Usually this got you to stop: it was marriage talk, which sent you off into a speech about how you didn’t believe in marriage, that it was only a ceremony to verify a love that, if truly felt, didn’t need a ceremony for verification, that you were wary of entering an arrangement that made you formally dependent upon another human being, let alone an abstract idea that shared more with slavery than with salvation. This was the only time you seemed as though you were joking, and it was when you were at your most serious. You had been doing it as long as I had known you; Larry used to say you were a secular preacher with the whole world as your congregation. “I’m just saying that even a pea-brained rising radio star might want to reconnect with his own identity now and again.”
“Not guilty as charged,” I said. It’s true that I worked at a radio station, that I played a little music, made a few jokes on the air, pocketed a bit of dough. It advanced my reputation to some small degree, or, I like to say, at least cemented my reputation as a man who can only be advanced by small degrees. But I was secretly proud of what I did. I leavened moments in people’s days that were otherwise leaden. I offered a balm for the spirit. I encouraged people toward the divine without resorting to anything godly. “But if I see a pea-brain, I’ll let him know,” I said. I got up to put my plate in the sink, and I took yours, too, and you said, “Thank you,” and whatever little bit of tension was rising in the room dissipated. We went to the couch and listened to records and you let me kiss your neck a little bit. “I’m just saying,” I said, “I’m happy here in America. I know there are problems. There’s always going to be problems. I know we were kept down, and we’re rising up too slowly. But I also know other things. Do you hear what we’re hearing? Is there another place you can listen to Marvin Gaye and then the Beatles and then Chuck Berry and then Mary Wells and feel like you really know what they all mean? I love being here in this place and I love being here in this place with you.”
“It is nice,” you said, nuzzling into my shoulder.
“I would recognize this country even from the back,” I said. “You think I need to investigate my identity? This is my identity.” Then I headed off to work and proved my point, played “Stubborn Kind of Fellow” and “I Want to Hold Your Hand” and “Thirty Days” and “Your Old Standby,” all as messages to you.
That was twelve days ago. I didn’t even fold up the paper with the news about Malawi. I left it open on the couch, and that night, when I got home from work, I rolled you into it when we were getting down to business. Then a week passed, and it was five days ago, and it was so hot that we went out for ice cream and ended up talking to some of the kids we knew in the neighborhood. Ken Louis was there, who told everyone he was related to Joe Louis, and his best friend Paul Ordis, who liked to tease Ken by saying he was related to Joe Ordis, and James Powell, who was the worst of the bunch but still a good kid. They all had girls they were sweet on, and they wanted you to give them advice on how to act. “Don’t act like this one,” you said, pointing at me, and all three of them bagged up. Paul Ordis said he hoped one day he’d have a girl as pretty as you, and he meant it so sweetly that you told him you were sure one day he would. Then I told him stories about me and Larry and how we both got it together in time for adulthood. “You can call him Larry, CPA,” I said. On our way back we saw two white cops sitting in a car at the corner. One made a gun with his finger and pointed it out the window. He was laughing.

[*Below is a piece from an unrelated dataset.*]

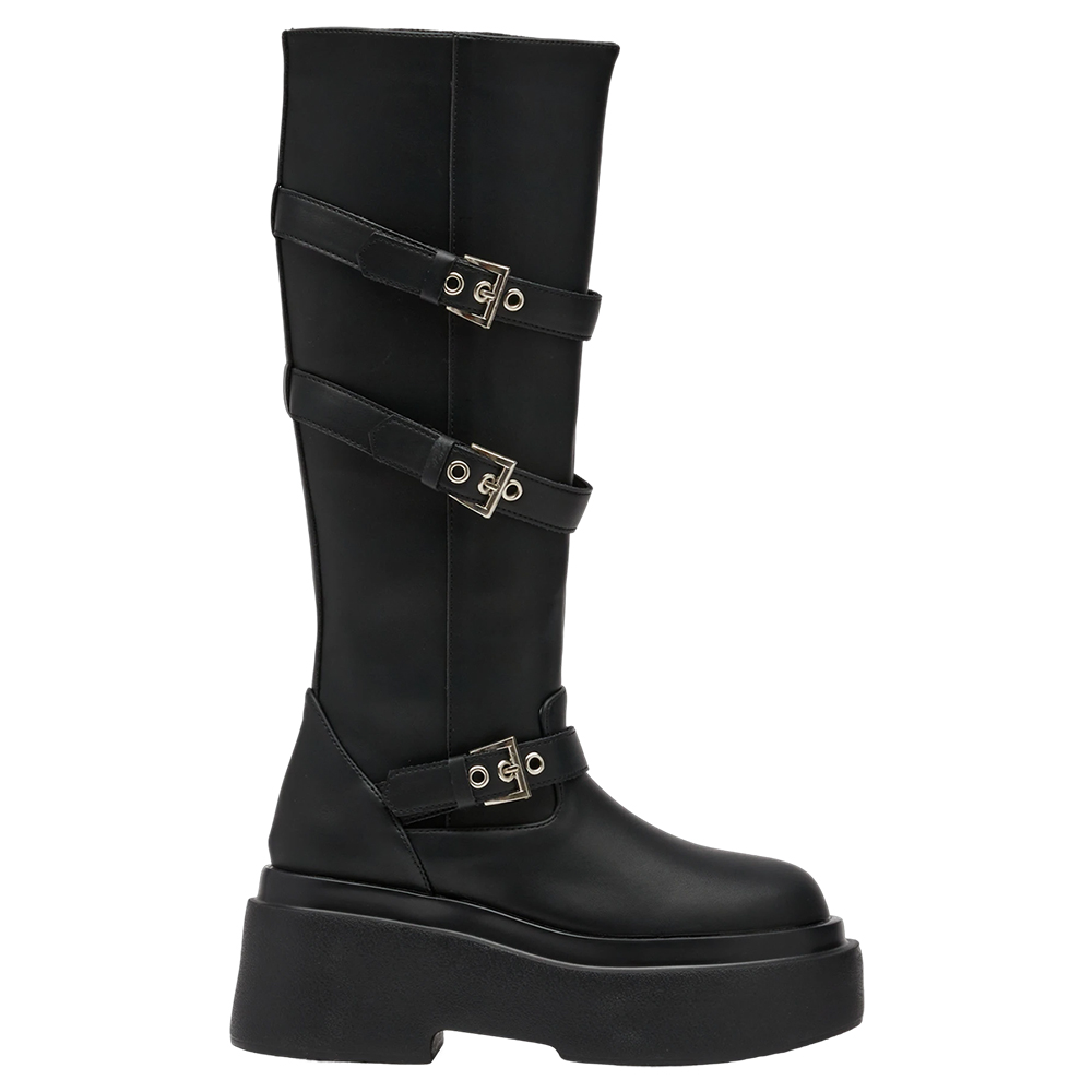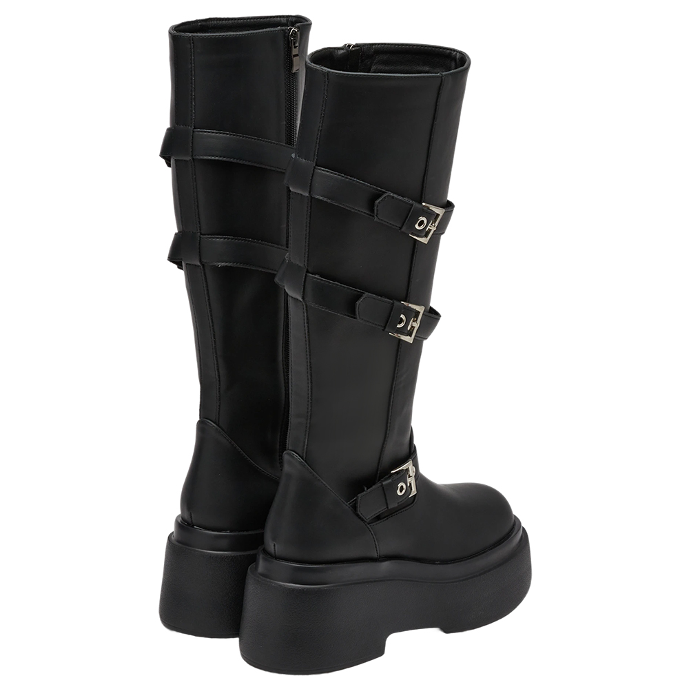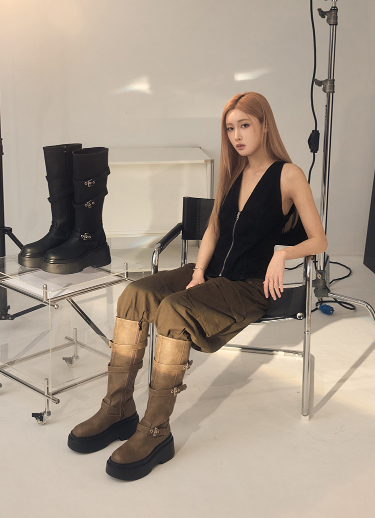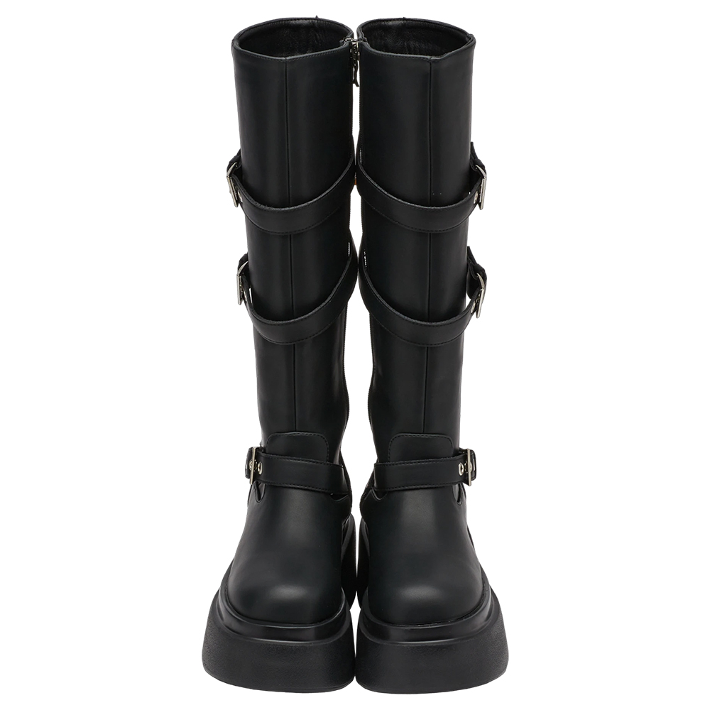 悅悅聯名-紐約街頭刷色扣環輕量厚底長靴 黑

That night we were closer in bed, though we couldn’t have been any closer, and not for any major reasons. It was as a result of a host of little reasons: seeing the teenagers on the stoop near the ice cream shop and remembering when we were that age, knowing how pretty you were and how smart you were and how clearly you saw the world and wondering if I could do the right things to keep you. There was a slight metallic uneasiness in my head, and I assume there was in yours, too, and that’s why you let me make love to you the way I did. “You know what I mean,” I said afterward. “Competently.” You threw your arms around me and laughed.